■ Description of the task: Please reproduce the entries below exactly as they stand, but leave the pictures out.

■ Provided information:
....

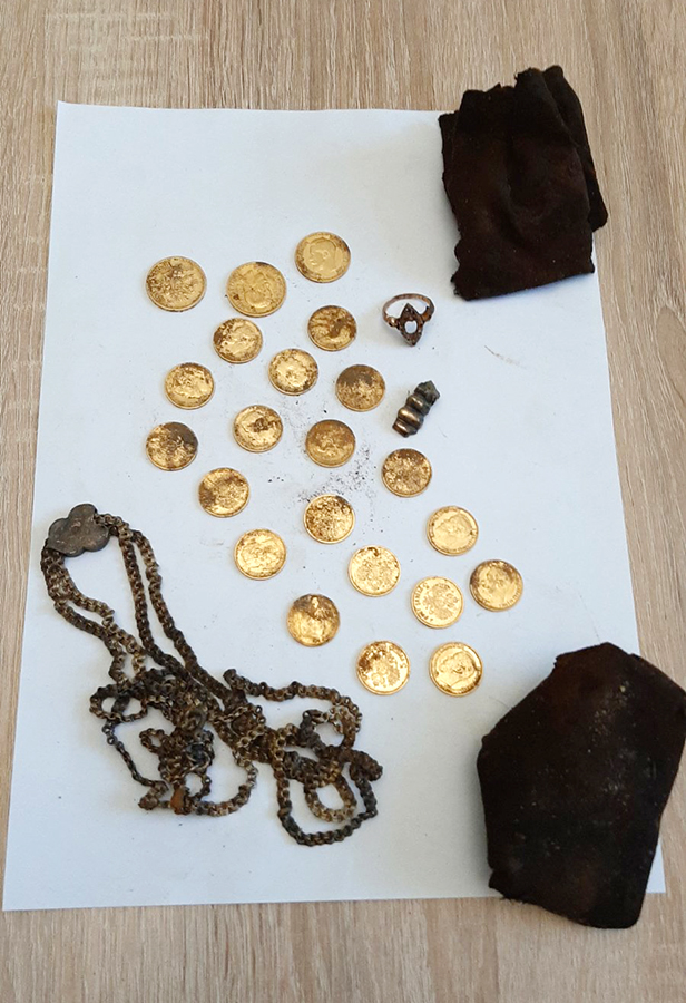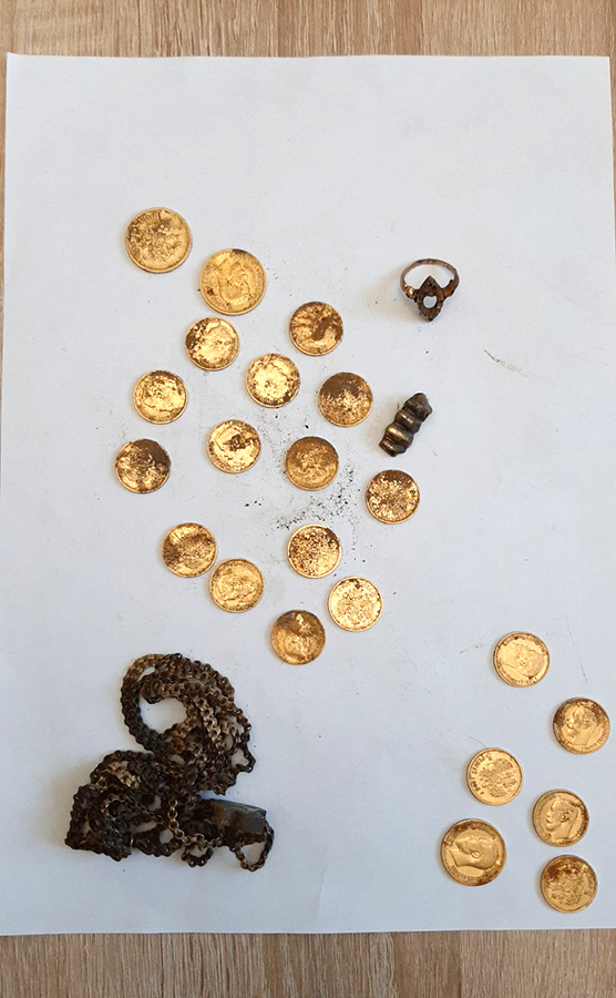— Как часто говорю, специалистам-археологам найти клад сложнее, чем кому-то со стороны, — поясняет Вадим Лакиза. — Повезло, что его обнаружил человек, неравнодушный к истории столицы и Беларуси. Он поступил по закону. На место находки в сквере Марата Казея тут же выехали наши сотрудники и изучили его. Всего удалось найти 24 золотые монеты времен Николая II, кольцо, цепочку (возможно от часов или просто аксессуар), два зубных протеза. Скорее всего, ценности спрятали завернутыми в кожу или кошель, части которого обнаружили рядом с ним. Помимо этого, нашими сотрудниками в отвале и траншее выявлены и другие археологические материалы.
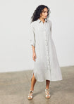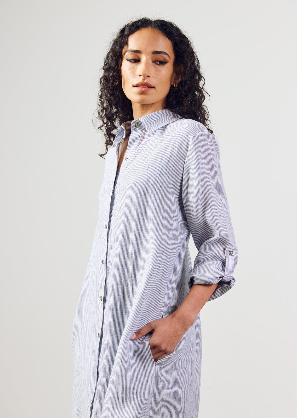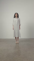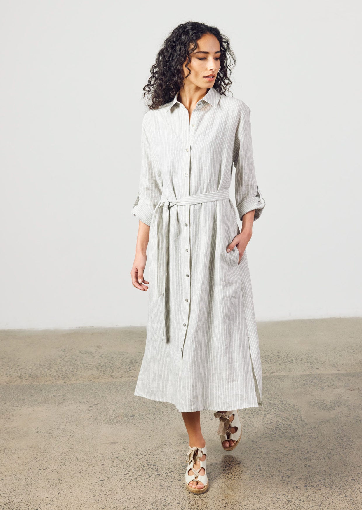Shirtdress with belt. Body skimming slightly A line shape. Regular shirt collar on stand. Roll up ¾ sleeve secured with tab & button. Self belt. Back length 123 cm.
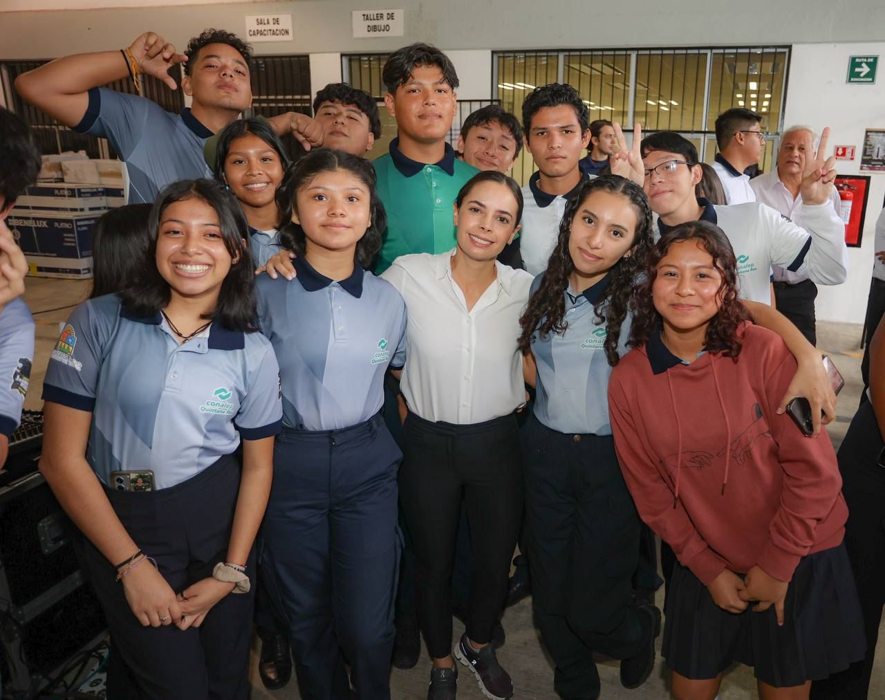 “La paz se construye con la colaboración, con el trabajo en equipo, con la juventud, ahí se construye la paz. Todos coincidimos que queremos vivir en un Cancún en paz, en un Cancún seguro, entonces todos tenemos que ser corresponsables con ello”, expresó a los alumnos, quienes desde su arribo la recibieron con aplausos.
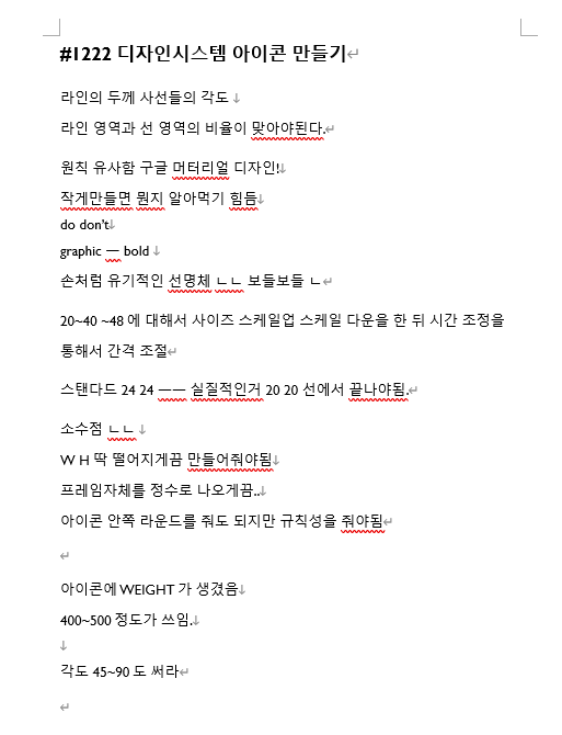 오늘은 디자인시스템에서 아이콘 만들기와 쉐잎만들기를 했습니다. 구글 머터리얼 디자인시스템을 보며 do와 don't를 비교해가며 아이콘에 대해서 배웠는데요. 아이콘은 단순해야하고 라인의 두께와 각도 그리고 라인 영역과 선 영역의 비율이 맞아야된다고 합니다. 또한 Standard icon size가 있는데 24dp로 쓰인다고 합니다. 그리고 소수점 이 부분이 정말 중요한데 프레임, 간격, Width, heingt 등 전부 딱 떨어지는 정수로 나와야된다고 합니다. 개발 시 오류가 생길 수 있기 때문이라고 하네요. 그리고 아이콘에 새롭게 Weight가 생겼다고 하는데 400~500 정도의 값으로 쓰인다고 하네요. 또한 Grade라는 부분도 배웠는데 앞에서 언급한 Weight랑은 또 다르다고 하네요. 다크모드가 대부분 서비스에 있는데 라이트모드에서 다크모드로 변환 시 아이콘 면적이 더 두겁게 보인다고해서 시각정 보정을 통해 얇게 만들어주는 거라고 합니다. 이걸 각각 만들긴 어렵고 플러그인을 활용한다고 하네요.
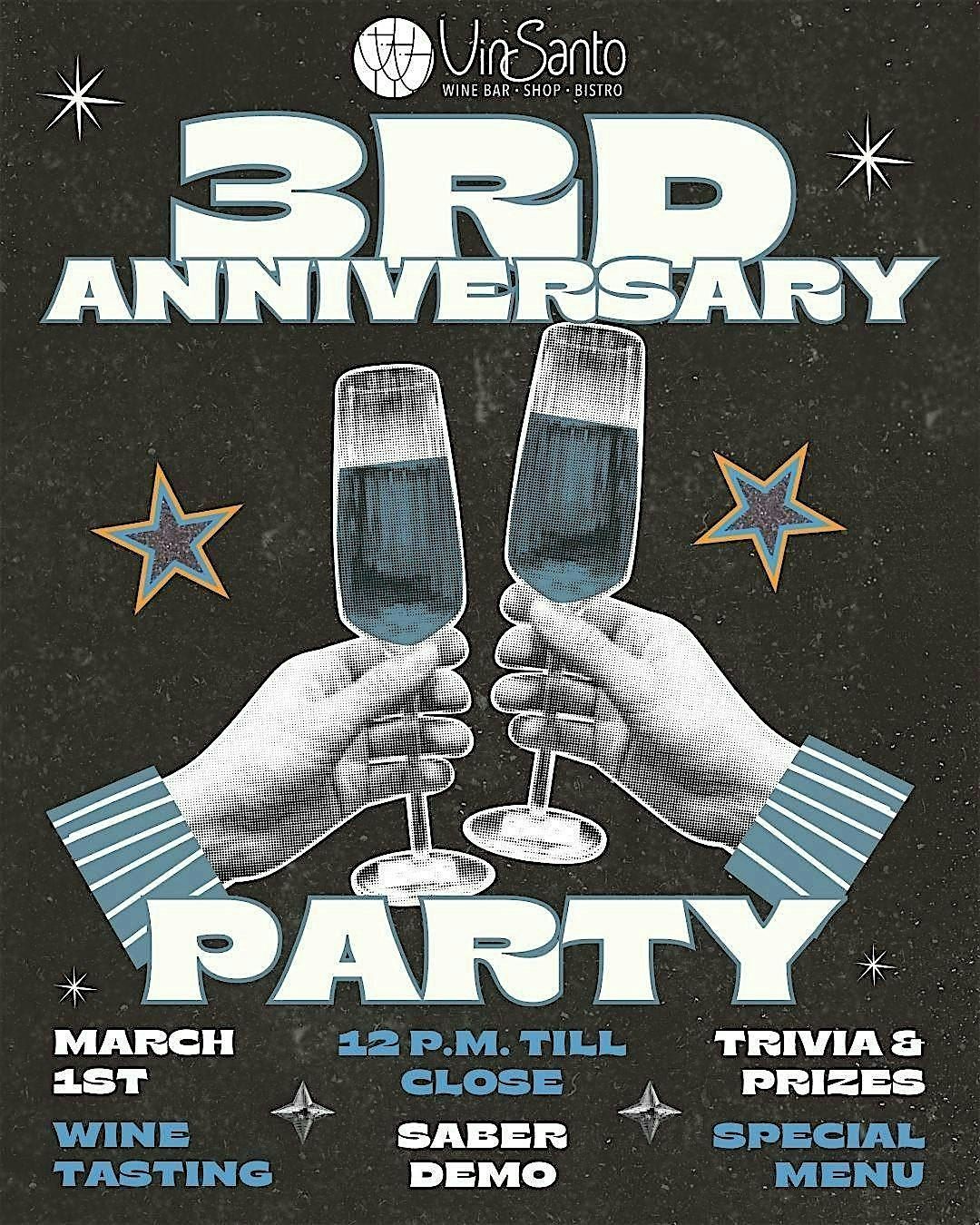 Come celebrate VinSanto's 3rd Year Anniversary with us at VinSanto on Memorial Drive in Houston, TX, USA. Join us for an unforgettable day filled with delicious food, great music, and amazing company.
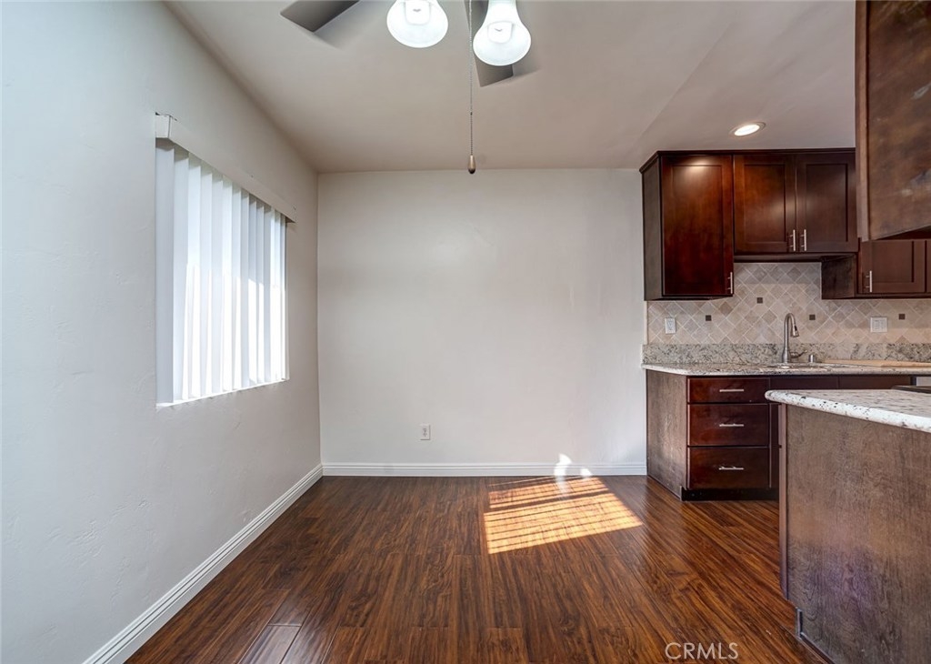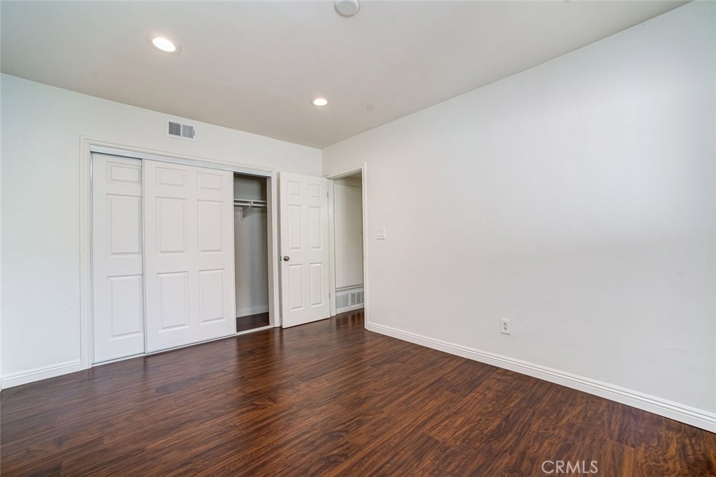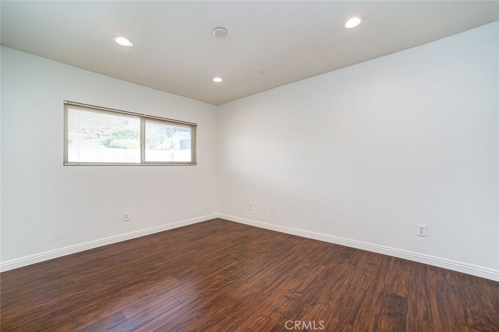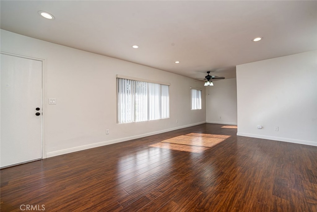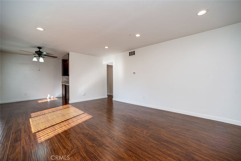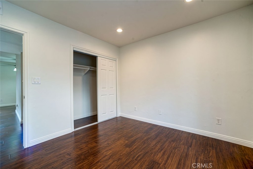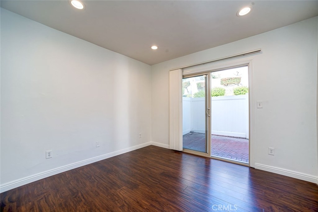 Immaculate, totally remodeled five years ago, light and bright 2 bedroom, 1 bath ground-level condo with a peaceful front view/BBQ area. Located in the beautifully maintained Woodlake Village community, this spacious condo features newer laminate wood floor throughout house and new paint, recessed lighting at living room, rooms ,kitchen and ceiling fan, double pane windows. This super clean home also features granite counters, newer stainless steel dishwasher, gas stove/oven, microwave, newer maple cabinetry. The master bedroom and second bedroom each feature their own large closet. Other upgrades include newer central HVAC unit. Enclosed large patio has nothing above and completely wide open to the beautiful sky. All plumbing pipes were replaced by copper pipes. HOA pays for water, gas, and trash, and also includes outside maintenance, pool, and barbecue areas. Gated assigned carport parking(1 car) plus parking outside. Within walking distance to entertainment, shopping, dining, and theater.
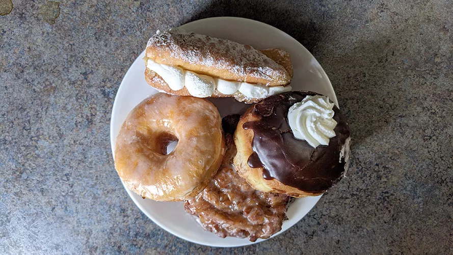 A glazed doughnut, hot dog, Pittsburgh cream, and apple fritter from Father & Son Family Bakery Credit: CP photo: Maggie Weaver
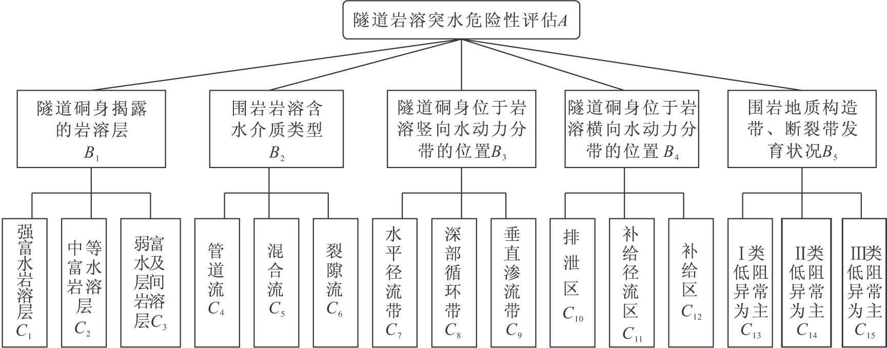 目前,各種地質(zhì)災(zāi)害危險性評估主要采用工程地質(zhì)比擬法、成因歷史分析法、層次分析法、數(shù)字統(tǒng)計法等定性、半定量方法。工程地質(zhì)比擬法、成因歷史分析法、數(shù)字統(tǒng)計法相關(guān)資料較多,下面重點介紹層次分析法評估宜萬鐵路隧道巖溶突水災(zāi)害危險性。
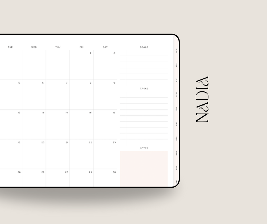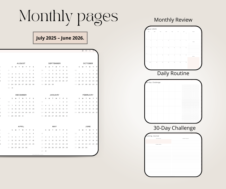 • Monthly Calendars – Space for goals, tasks, and notes alongside each month.

....

■ Exercise answer:
— Как часто говорю, специалистам-археологам найти клад сложнее, чем кому-то со стороны, — поясняет Вадим Лакиза. — Повезло, что его обнаружил человек, неравнодушный к истории столицы и Беларуси. Он поступил по закону. На место находки в сквере Марата Казея тут же выехали наши сотрудники и изучили его. Всего удалось найти 24 золотые монеты времен Николая II, кольцо, цепочку (возможно от часов или просто аксессуар), два зубных протеза. Скорее всего, ценности спрятали завернутыми в кожу или кошель, части которого обнаружили рядом с ним. Помимо этого, нашими сотрудниками в отвале и траншее выявлены и другие археологические материалы.
Shirtdress with belt. Body skimming slightly A line shape. Regular shirt collar on stand. Roll up ¾ sleeve secured with tab & button. Self belt. Back length 123 cm.
 “La paz se construye con la colaboración, con el trabajo en equipo, con la juventud, ahí se construye la paz. Todos coincidimos que queremos vivir en un Cancún en paz, en un Cancún seguro, entonces todos tenemos que ser corresponsables con ello”, expresó a los alumnos, quienes desde su arribo la recibieron con aplausos.
 오늘은 디자인시스템에서 아이콘 만들기와 쉐잎만들기를 했습니다. 구글 머터리얼 디자인시스템을 보며 do와 don't를 비교해가며 아이콘에 대해서 배웠는데요. 아이콘은 단순해야하고 라인의 두께와 각도 그리고 라인 영역과 선 영역의 비율이 맞아야된다고 합니다. 또한 Standard icon size가 있는데 24dp로 쓰인다고 합니다. 그리고 소수점 이 부분이 정말 중요한데 프레임, 간격, Width, heingt 등 전부 딱 떨어지는 정수로 나와야된다고 합니다. 개발 시 오류가 생길 수 있기 때문이라고 하네요. 그리고 아이콘에 새롭게 Weight가 생겼다고 하는데 400~500 정도의 값으로 쓰인다고 하네요. 또한 Grade라는 부분도 배웠는데 앞에서 언급한 Weight랑은 또 다르다고 하네요. 다크모드가 대부분 서비스에 있는데 라이트모드에서 다크모드로 변환 시 아이콘 면적이 더 두겁게 보인다고해서 시각정 보정을 통해 얇게 만들어주는 거라고 합니다. 이걸 각각 만들긴 어렵고 플러그인을 활용한다고 하네요.
 Come celebrate VinSanto's 3rd Year Anniversary with us at VinSanto on Memorial Drive in Houston, TX, USA. Join us for an unforgettable day filled with delicious food, great music, and amazing company.
 Immaculate, totally remodeled five years ago, light and bright 2 bedroom, 1 bath ground-level condo with a peaceful front view/BBQ area. Located in the beautifully maintained Woodlake Village community, this spacious condo features newer laminate wood floor throughout house and new paint, recessed lighting at living room, rooms ,kitchen and ceiling fan, double pane windows. This super clean home also features granite counters, newer stainless steel dishwasher, gas stove/oven, microwave, newer maple cabinetry. The master bedroom and second bedroom each feature their own large closet. Other upgrades include newer central HVAC unit. Enclosed large patio has nothing above and completely wide open to the beautiful sky. All plumbing pipes were replaced by copper pipes. HOA pays for water, gas, and trash, and also includes outside maintenance, pool, and barbecue areas. Gated assigned carport parking(1 car) plus parking outside. Within walking distance to entertainment, shopping, dining, and theater.
 A glazed doughnut, hot dog, Pittsburgh cream, and apple fritter from Father & Son Family Bakery Credit: CP photo: Maggie Weaver
 目前,各種地質(zhì)災(zāi)害危險性評估主要采用工程地質(zhì)比擬法、成因歷史分析法、層次分析法、數(shù)字統(tǒng)計法等定性、半定量方法。工程地質(zhì)比擬法、成因歷史分析法、數(shù)字統(tǒng)計法相關(guān)資料較多,下面重點介紹層次分析法評估宜萬鐵路隧道巖溶突水災(zāi)害危險性。
 • Monthly Calendars – Space for goals, tasks, and notes alongside each month.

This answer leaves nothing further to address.